Activity - From the first line down to the line containing "Model IV Immersion Extractor with DDD", print the records below exactly, leaving every picture out.

***** Data shown *****

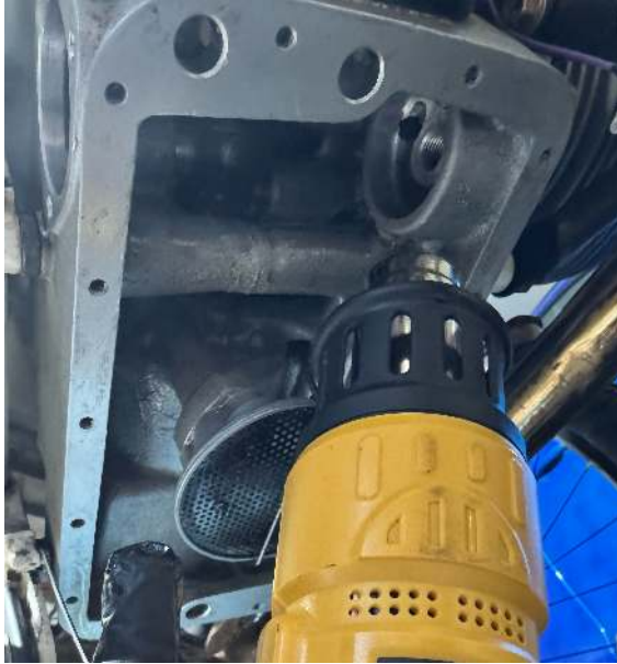
(e) Crankcase warmed with heat gun to reduce insertion force via differential expansion.
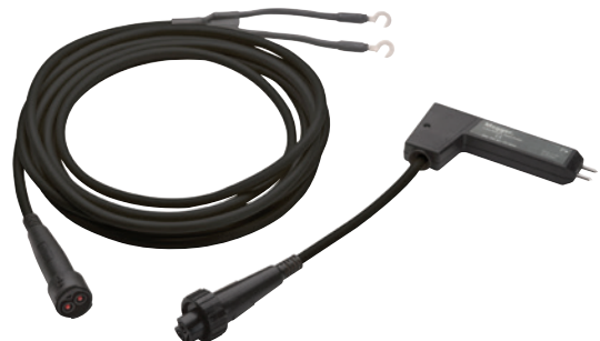
DH2-C 6m / 20' version of DH1-C above but only 1 included Order part number: 1006-443
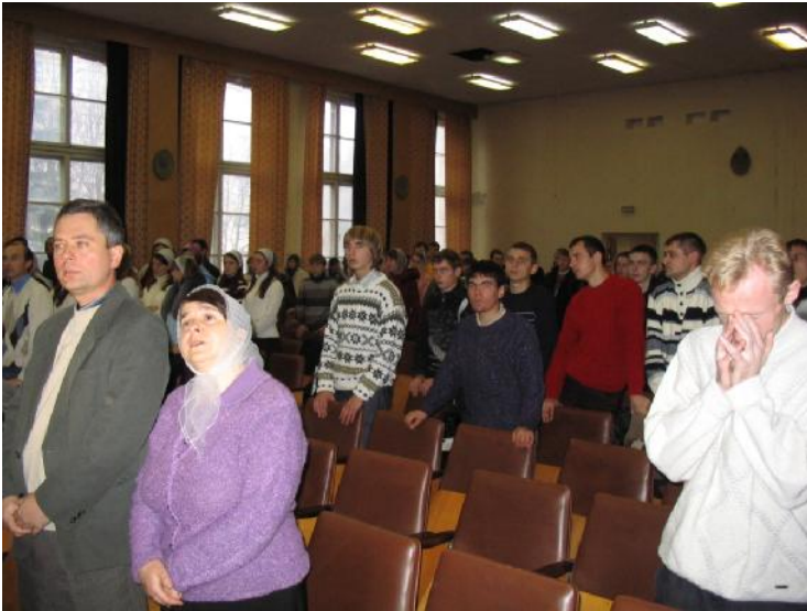
Everybody glorify God in songs.
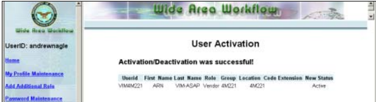
Figure 6. WAWF-RA Activation Results Screen

The Active Status should initially be “N”, meaning that this user is not able to access WAWF-RA. Checking the Change Status checkbox and clicking Submit will Activate our UserID and allow us to transmit your data from VIM-ASAP to WAWF-RA. You should see a screen like Figure 6 below indicating that the VIMxxxxx UserID has a New Status of “Active,” and a message indicating that the “Activation/Deactivation was successful!” VIM-ASAP is now able to submit your DD250 data to WAWF-RA for your QAR’s approval and subsequent submission to DFAS for payment.
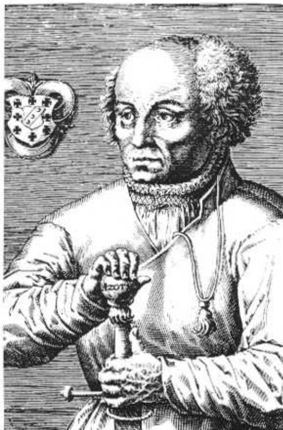
Aureolus Philippus Theophrastus Bombastus von Hohenheim (PARACELUS) Doctor and philosopher

what happens during this strengthening and why it has a positive effect on the organism of a sick person:
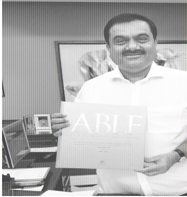
GAUTAM ADANI Chairman, Adani Group, India

"We are committed to the potential of Asia, investing the West Asian region and leveraging the India-UAE relationship, hence our endorsement for the ABLF initiative of IEDEA"
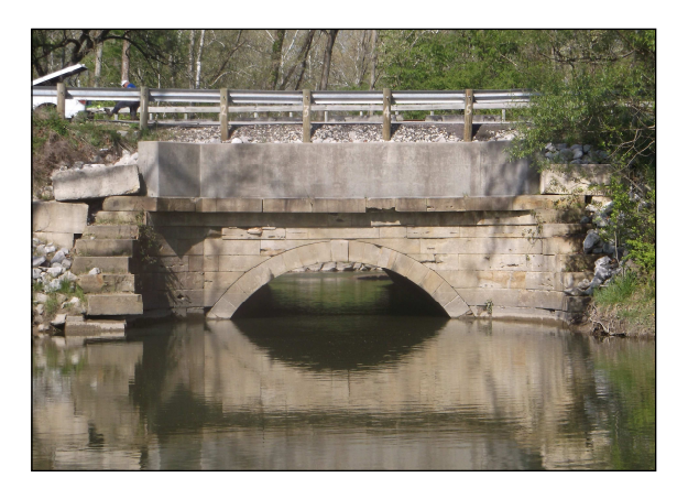
Riverview Road Stone Arch Bridge

This project made repairs to the North Main Street structure crossing over the Cuyahoga River, also known as the High Level Bridge, including patching the bridge deck wearing surface, epoxy waterproofing overlay repairs, catwalk railing repairs, and truss gusset plate steel repairs. Becdir Construction was the contractor for this $453,761.25 project.
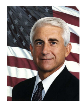
Dave Reichert (Prefers Republican Party)

Elected Experience: King County Sheriff, 1997-2004, House of Representatives, 2005-Current
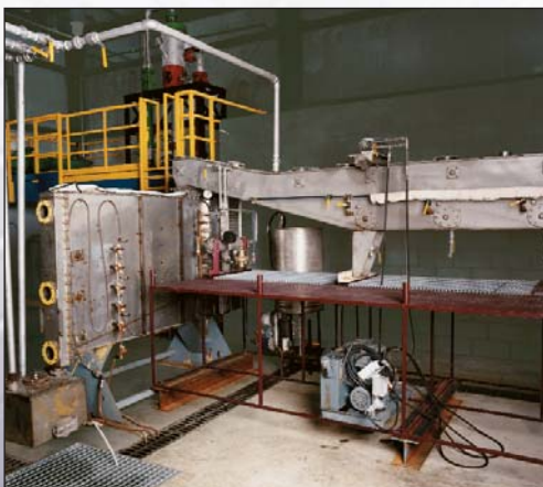
Model IV Immersion Extractor with DDD

Percolation type counter-current extractor for flakes and good draining materials.
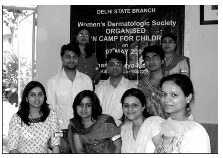
Members of IADVL Delhi pictured with male and senior residents of IADVL Delhi who joined hands in this endeavor.

*****

The answer -
(e) Crankcase warmed with heat gun to reduce insertion force via differential expansion.
DH2-C 6m / 20' version of DH1-C above but only 1 included Order part number: 1006-443
Everybody glorify God in songs.
Figure 6. WAWF-RA Activation Results Screen

The Active Status should initially be “N”, meaning that this user is not able to access WAWF-RA. Checking the Change Status checkbox and clicking Submit will Activate our UserID and allow us to transmit your data from VIM-ASAP to WAWF-RA. You should see a screen like Figure 6 below indicating that the VIMxxxxx UserID has a New Status of “Active,” and a message indicating that the “Activation/Deactivation was successful!” VIM-ASAP is now able to submit your DD250 data to WAWF-RA for your QAR’s approval and subsequent submission to DFAS for payment.
Aureolus Philippus Theophrastus Bombastus von Hohenheim (PARACELUS) Doctor and philosopher

what happens during this strengthening and why it has a positive effect on the organism of a sick person:
GAUTAM ADANI Chairman, Adani Group, India

"We are committed to the potential of Asia, investing the West Asian region and leveraging the India-UAE relationship, hence our endorsement for the ABLF initiative of IEDEA"
Riverview Road Stone Arch Bridge

This project made repairs to the North Main Street structure crossing over the Cuyahoga River, also known as the High Level Bridge, including patching the bridge deck wearing surface, epoxy waterproofing overlay repairs, catwalk railing repairs, and truss gusset plate steel repairs. Becdir Construction was the contractor for this $453,761.25 project.
Dave Reichert (Prefers Republican Party)

Elected Experience: King County Sheriff, 1997-2004, House of Representatives, 2005-Current
Model IV Immersion Extractor with DDD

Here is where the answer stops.